* Exercise directions:
The expected output is the line with "BiFPN (bidirectional feature" plus all lines after it to the end of the material below, reproduced exactly, with pictures omitted and nothing else included.
# # # # # # #
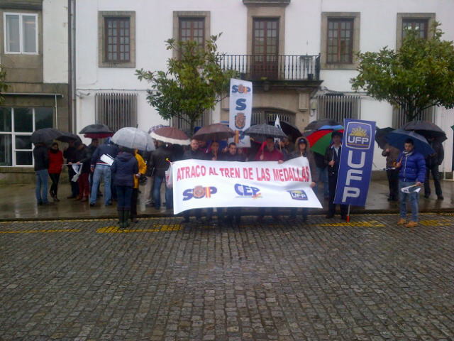 Cerca de medio centenar de representantes de los sindicatos policiales SUP, CEP y UFP se han concentrado ante la comisaría de Santiago de Compostela para denunciar la concesión de condecoraciones con motivo de la actuación en el trágico accidente de tren de Angrois a funcionarios que "ni tan siquiera pisaron" las vías, mientras otros han quedado fuera a pesar de haber dado "lo mejor de sí" para ayudar a sus conciudadanos
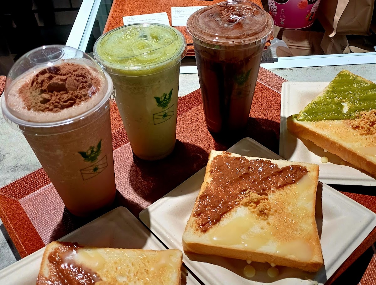 we were greeted upon entering the shop. a warm welcome i love the cafe vibe where i can chill a bit after walking around kuching city. i ordered their drinks it was nice and authentic. if you guys love dark chocolate and authentic ones, this shop got your back. i tasted their mocha, it was bittersweet and good for those who want to taste real dark chocolate. there's also upstairs for chill and do your work. got plenty of sockets too. each table have their socket supply. suitable for those who wanna do their work while enjoying drinks and food. this place is a huge yes the bread taste good and it's the original spread of matcha, milo and milk. they gave us free ice cream for this review
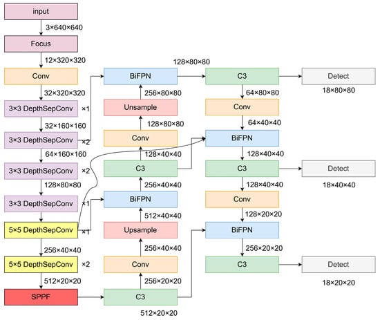 BiFPN (bidirectional feature pyramid network) [] is an effective method for multi-scale feature fusion that combines feature pyramid networks with bidirectional connections. This fusion technique aims to enhance both detection accuracy and efficiency. Feature pyramid networks enhance object detection accuracy by fusing features of different scales []. At the same time, bidirectional connections consider information from both high-level and low-level features, capturing target-specific characteristics more effectively. In BiFPN, each input feature undergoes two convolution operations and a weighted operation separately to extract more useful information from different layers and effectively fuse features of different scales. Furthermore, BiFPN introduces a dynamic weight assignment mechanism that dynamically adjusts the weights between features based on their performance, better-utilizing information from different features. During multi-layer bidirectional connections, BiFPN effectively utilizes information from different levels and facilitates information exchange between different scales [].
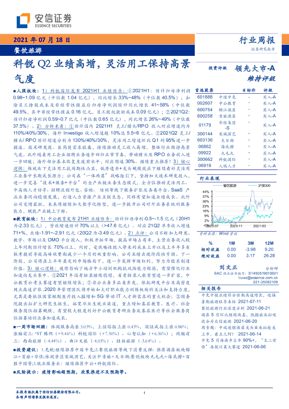 【安信证券】【20210718】餐饮旅游行业周报:科锐Q2业绩高增,灵活用工保持高景气度-11页
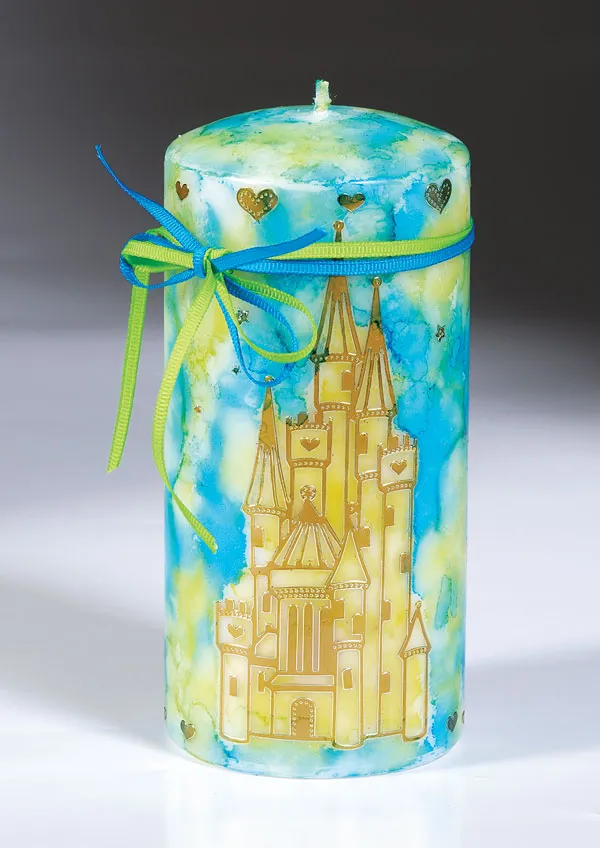 Apply blending solution and citrus ink to the applicator pad. Apply over the castle sticker. Don’t worry about getting ink on the Dazzles? sticker. Without changing applicator pads, apply sailboat to the pad, along with more blending solution if necessary. Apply the blue around the outside edges of the castle and over the candle surface. Let dry and wrap ribbons around the top of the candle.
# # # # # # #
* Response below:
 BiFPN (bidirectional feature pyramid network) [] is an effective method for multi-scale feature fusion that combines feature pyramid networks with bidirectional connections. This fusion technique aims to enhance both detection accuracy and efficiency. Feature pyramid networks enhance object detection accuracy by fusing features of different scales []. At the same time, bidirectional connections consider information from both high-level and low-level features, capturing target-specific characteristics more effectively. In BiFPN, each input feature undergoes two convolution operations and a weighted operation separately to extract more useful information from different layers and effectively fuse features of different scales. Furthermore, BiFPN introduces a dynamic weight assignment mechanism that dynamically adjusts the weights between features based on their performance, better-utilizing information from different features. During multi-layer bidirectional connections, BiFPN effectively utilizes information from different levels and facilitates information exchange between different scales [].
 【安信证券】【20210718】餐饮旅游行业周报:科锐Q2业绩高增,灵活用工保持高景气度-11页
 Apply blending solution and citrus ink to the applicator pad. Apply over the castle sticker. Don’t worry about getting ink on the Dazzles? sticker. Without changing applicator pads, apply sailboat to the pad, along with more blending solution if necessary. Apply the blue around the outside edges of the castle and over the candle surface. Let dry and wrap ribbons around the top of the candle.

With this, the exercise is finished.